▶ **The data**
#####
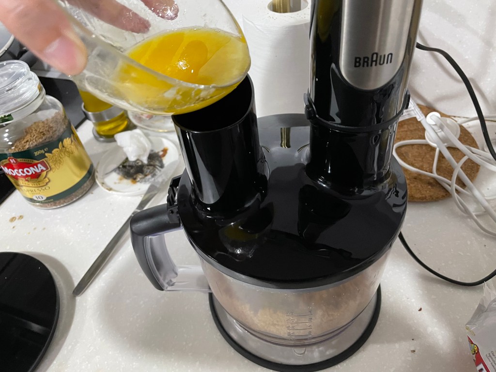Mix/pinch/squish it by hand for 2-3 minutes until you get a crumbly mixture (see photo). Set aside.
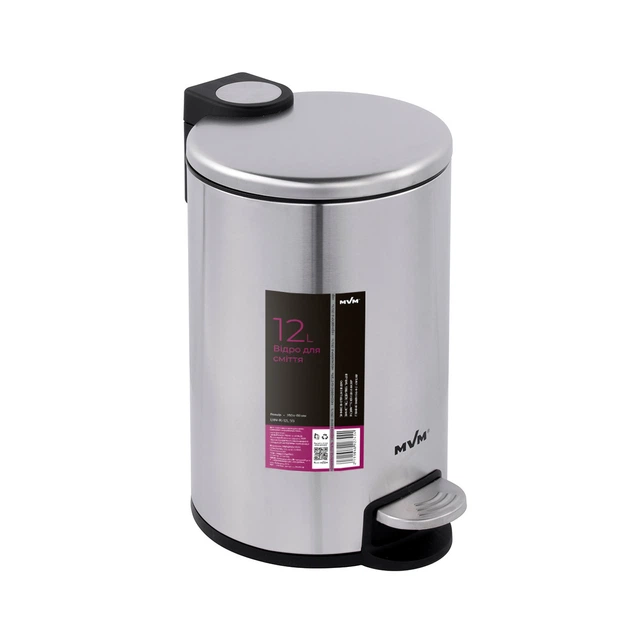 Відро для сміття з кришкою та педаллю BIN-16 12L SS
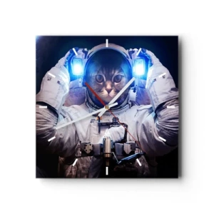Wanduhr - Glasuhr - Eine Katze im Astronautenanzug mit der Erde im Hintergrund und einem hellen Licht. - 30x30cm - Houston, du hast ein Problem - Moderne Wanddekoration für Wohnzimmer und Schlafzimmer ARTTOR
#####
▶ **Exercise description**
Give back the listing unchanged. Strip out the pictures.

▶ **Exercise response**
Mix/pinch/squish it by hand for 2-3 minutes until you get a crumbly mixture (see photo). Set aside.
 Відро для сміття з кришкою та педаллю BIN-16 12L SS
Wanduhr - Glasuhr - Eine Katze im Astronautenanzug mit der Erde im Hintergrund und einem hellen Licht. - 30x30cm - Houston, du hast ein Problem - Moderne Wanddekoration für Wohnzimmer und Schlafzimmer ARTTOR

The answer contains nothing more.